105 Before I do so, however, I need to address the separate question of whether Woman E owed a duty of confidence to the Claimant and the other participants in respect of the events at the flat on 28 March. In the ordinary way, those who participate in sexual or personal relationships may be expected not to reveal private conversations or activities. Evidence was given by the Claimant and the other women both generally about the recognised code of discretion on “the scene” and also, specifically, about their relationships with one another. Woman A was a close friend of Woman E and had introduced her to the Claimant. Her outrage is displayed in a text she sent on 11 April:

” … our scene is based on complete trust and complete discretion. However one of my so called close friends dominatrix [Woman E] has betrayed that confidence by doing what she has done. I am devastated by this act of pure total selfish greed, she has no morals, no integrity, no loyalty, complete disregard to others, cruel, and she is a liar!!! No one … deserves this invasion of privacy.”

106 It was often said that “there is no confidence in iniquity”, but it is highly questionable whether in modern society that is a concept that can be applied to sexual activity, fetishist or otherwise, conducted between consenting adults in private. All the other women, as well as the Claimant, felt utterly betrayed by Woman E’s behaviour in filming them without consent and selling the information to the News of the World. I was told that she was soon ostracised from “the scene”, where the need for discretion is widely accepted.
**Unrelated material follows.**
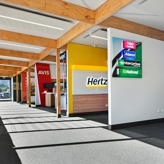 Our latest project at Nelson Airport was a new rental car hub, replacing a series of portacabins with a purpose-built, 260 square metre facility for the airport’s rental car tenants’ front-of-house functions.

107 It is true that the Claimant on this occasion paid the women participants, although he has not always done so in the past, but this does not mean that it was a purely commercial transaction. Even if it was, that would naturally not preclude an obligation of confidence, but it is quite clear from the evidence that there was a large element of friendship involved, not only as between the women but also between them and the Claimant. For example, had it not been for the intervention of the News of the World there was a plan to offer him a (free) session for his birthday (which falls in April).

108 In any event, irrespective of payment, I would be prepared to hold that Woman E had committed an “old fashioned breach of confidence” as well as a violation of the Article 8 rights of all those involved. This may have been at the instigation of her husband, who saw the opportunity of making £25,000 out of the News of the World and who made the first approach. (emphasis supplied)

One might add that the equitable obligation of confidence long since escaped the confines of private relationships involved in (Prince) Albert v Strange and Argyll v Argyll to afford protection in many commercial situations such as employer-employee relationships where money changed hands.

So, while the obligation of confidence was recognised, it would seem the English court took the converse approach to the Victorian Court of Appeal – concentrating on the modern right to privacy.  So e.g. Eady J noted at [182]:

The cause of action now commonly described as infringement or breach of privacy, involving the balancing of competing Convention rights, usually those embodied in Articles 8 and 10, has recently evolved from the equitable doctrines that traditionally governed the protection of confidential information. Now (and especially since the formulation by Lord Nicholls in Campbell v MGN Ltd [2004] 2 AC 457) it is common to speak of the protection of personal information in this context, without importing the customary indicia of a duty of confidence.